Les manifestations contre
Moubarak s'inscrivent dans la vague de révolutions partie,
début janvier, d'Algérie et de Tunisie. En Tunisie, sous la
pression de centaines de milliers de travailleurs jeunes en
révolte, le dictateur Ben Ali, en place depuis une trentaine
d'année, a du céder la place. C'est maintenant au tour de
Moubarak. Au prix de centaines de morts, de milliers de
blessés, les manifestants affrontent ceux qui incarnent ces
dictatures, exigent la démocratie, mais aussi la fin de
situations sociales dramatiques. Et après s'être étendu à
l'Égypte, le mouvement touche maintenant la Jordanie, la
Syrie, le Yémen...
Les dirigeants des grands pays
de la planète, "amis" de tous ces dictateurs il y a encore
quelques jours, finissent par les lâcher, et il est
réjouissant de voir à quel point leur tête reflète la frousse
que leur procure l’éveil des peuples...
Il est bien évident que
l'hypocrisie avec laquelle tout ce beau monde affirme
maintenant, la main sur le cœur, être du côté du peuple, ne
peut cacher le fait que tous s'agitent dans l'ombre afin que
le départ des dirigeants les plus haïs ne ruine pas
l'essentiel : le maintien des États, et à travers eux, des
conditions qui assurent aux multinationales de pouvoir
continuer à pressurer les travailleurs de ces pays.
Mais pour cela, ils se
heurtent aux exigences de démocratie, de liberté, de justice
sociale des travailleurs et de jeunes qui ne pourront se
contenter de voir les dictatures qu'ils ont chassées au prix
de leur sang remplacées par des gouvernements qui n'auront de
démocratique que le nom et dont la première des préoccupations
sera le retour de l'ordre propice à l'exploitation de la jeune
classe ouvrière du monde arabe par les multinationales des
pays impérialistes.
La révolution, fruit de la
mondialisation impérialiste
Car ce n'est pas seulement le
ras-le-bol de ces trente ans de chape de plomb, de répression
politique et de censure qui pousse les populations du monde
arabe sur le terrain de la révolution. C'est aussi parce que
la situation sociale y est devenue insupportable, malgré les
discours de ceux qui voient dans ces pays des exemples de
développement.
Ainsi, Strauss Khan félicitait
il y a peu Ben Ali pour le développement économique harmonieux
de la Tunisie, qui reste d'ailleurs, selon le sommet de Davos,
"dans le peloton de tête de la compétitivité mondiale"...

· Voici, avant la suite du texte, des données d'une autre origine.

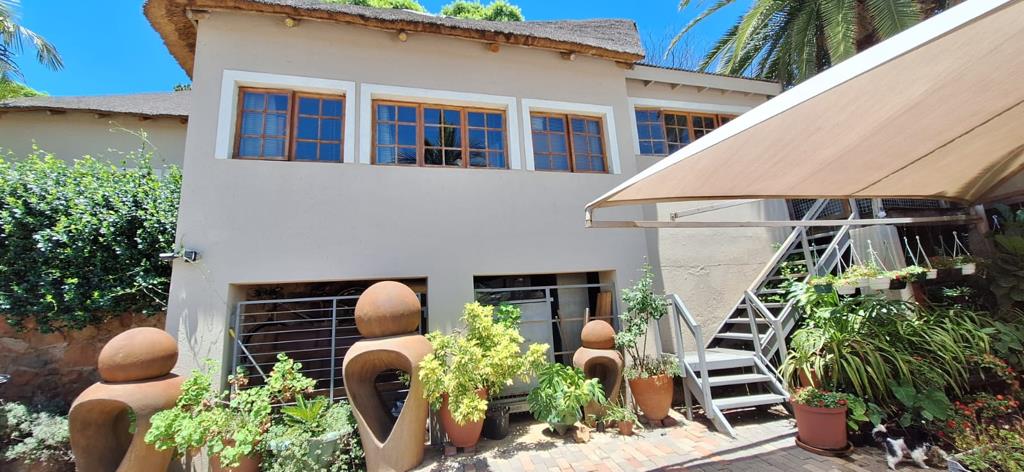 This beautiful property offers a perfect blend of comfort and functionality, featuring a well-maintained garden, a swimming pool, and a separate one-bedroom flatlet. The main house consists of three spacious bedrooms, each with its own en-suite bathroom, along with two lounges, a dining room, a TV room, a study, and a fully equipped kitchen with a scullery and a gas stove. For entertainment, there is a lapa area, ideal for gatherings. The property includes a garage accommodating four cars and additional covered parking for five vehicles. The flatlet comprises a bedroom, a full bathroom, a kitchen, a lounge, and a scullery, making it ideal for rental income. Additional features include a laundry room, an outdoor room with a separate toilet and shower, four ceiling fans, two air conditioning units, a fireplace, JoJo water tanks, and an electric gate. Although the borehole and electric fence are currently non-functional, the property still offers great potential. With a charming thatched roof and a rental income opportunity of R5,500 per month, this home is both a beautiful and practical investment.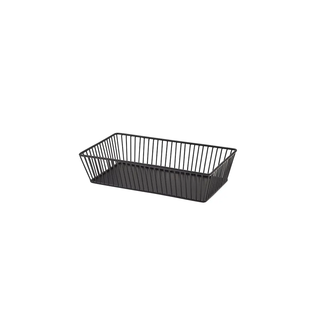 The Black Wire Display Basket GN 1/3 is designed for modern food presentation.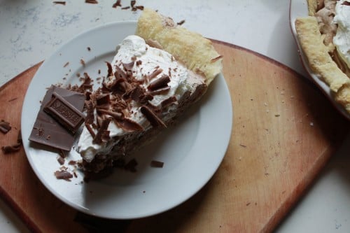 I used a frozen pie crust – but if you feel overly ambitious – try our homemade pie crust. This chocolate dessert is absolutely decadent and delicious, and the perfect cure for a chocolate craving. 🙂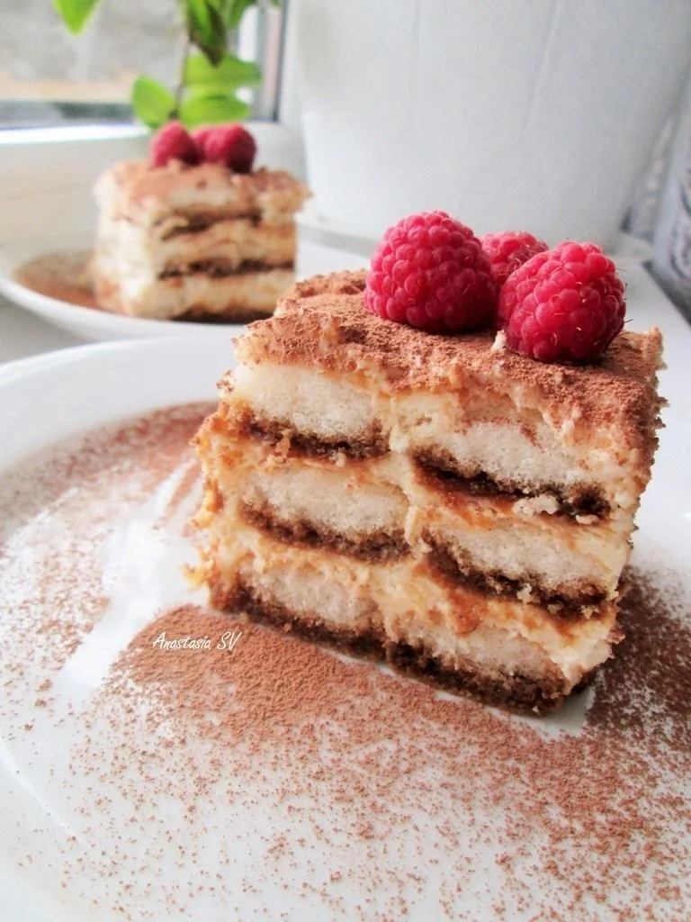 ШАГ 8 Острым ножом аккуратно разрезать тирамису на порции и разложить по тарелкам. Подавать десерт сразу, до того как крем успеет согреться до комнатной температуры и начнет таять.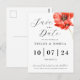 Modern Red Poppy Wedding Save the Date Postcard Vykort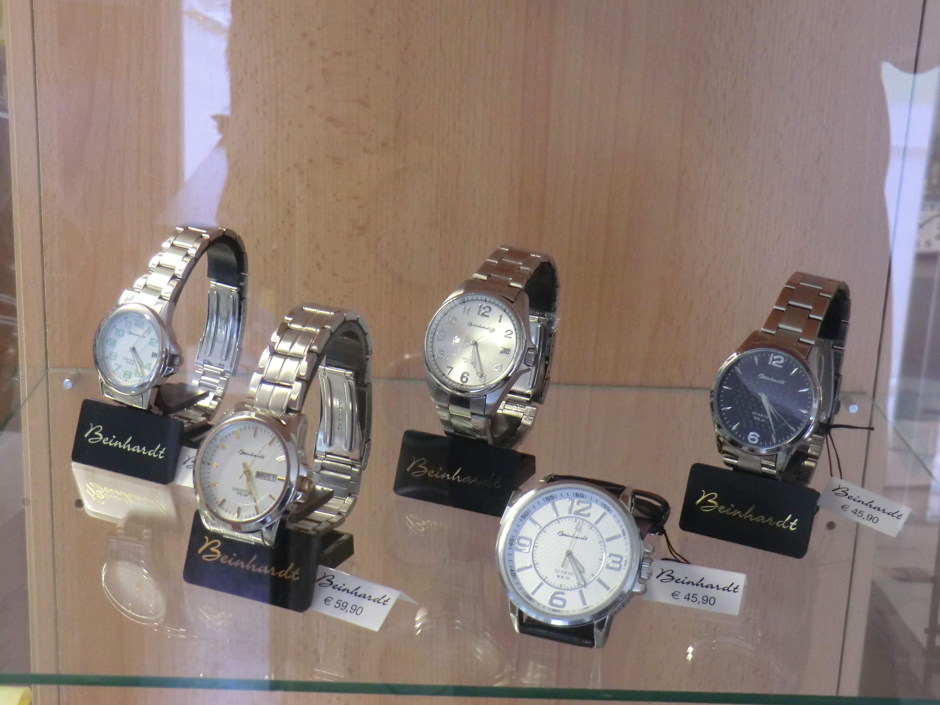 Neben Damen- und Herrenarmbanduhren der Marken Regent, Beinhardt, ULA und Casio führen wir auch Wecker und Wanduhren von ULA, Atlanta, AMS und Eurochron, sowie Leder- und Metallbänder von Fluco und Bonflair.

L'Égypte, avec des salaires 4 fois inférieurs à ceux de la
Turquie, est inondée de capitaux étrangers en quête de main
d'œuvre bon marché. La masse de ces capitaux -dont la France
est le second pays d'origine après les USA- a été multipliée
par 10 en 10 ans. L'Égypte, avec 7 % de croissance, y a gagné
d'accéder au grade de "pays émergent"...
Mais, écrit un journaliste des
Échos, "il s'agit là d'arbres qui cachent la forêt d'un
sous-développement criant. Le SMIC, revalorisé par les
autorités à l'équivalent de 50 euros juste avant les
législatives de l'automne dernier après une génération
entière de stagnation, permet de s'acheter 5 kg de viande
par mois en tout et pour tout. Un tiers des adultes sont
illettrés. Environ 40 % de la population vit avec moins de
2 dollars par jour. Une famille égyptienne sur cinq vit dans
des taudis, sans eau ni électricité, et la majorité des
familles nombreuses (4,5 enfants par femme en moyenne) vit
dans des appartements minuscules où on se relaie pour
dormir. Le chômage est endémique, notamment chez ces moins
de 30 ans qui constituent presque les deux tiers de la
population. Nombre de jeunes gens diplômés d'universités
réputées, survivent grâce à des petits boulots dans le
secteur informel. Les coupures d'électricité sont
fréquentes, l'adduction d'eau aléatoire, les transports
publics sous-dimensionnés et les services de santé en piteux
état. Bref, la majorité des Égyptiens n'a pas récolté les
fruits de la croissance, même s'il faut reconnaître que la
plupart ont accès aujourd'hui à des services (téléphone
portable, petite automobile, télévision satellite,
équipements agricoles pour les paysans) inaccessibles il y a
seulement dix ans. "
La Tunisie, l'Égypte, comme
bien d'autres pays de cette région du monde, ont constitué et
constituent toujours des destinations de prédilection pour les
"investisseurs" étrangers. L'existence d'une multitude de
paysans pauvres, vivant dans les pires conditions, a fourni
aux entreprises qui se sont installées sur place un réservoir
de main d'œuvre d'autant moins exigeante sur les salaires que
le pouvoir interdisait toute forme de contestation sociale.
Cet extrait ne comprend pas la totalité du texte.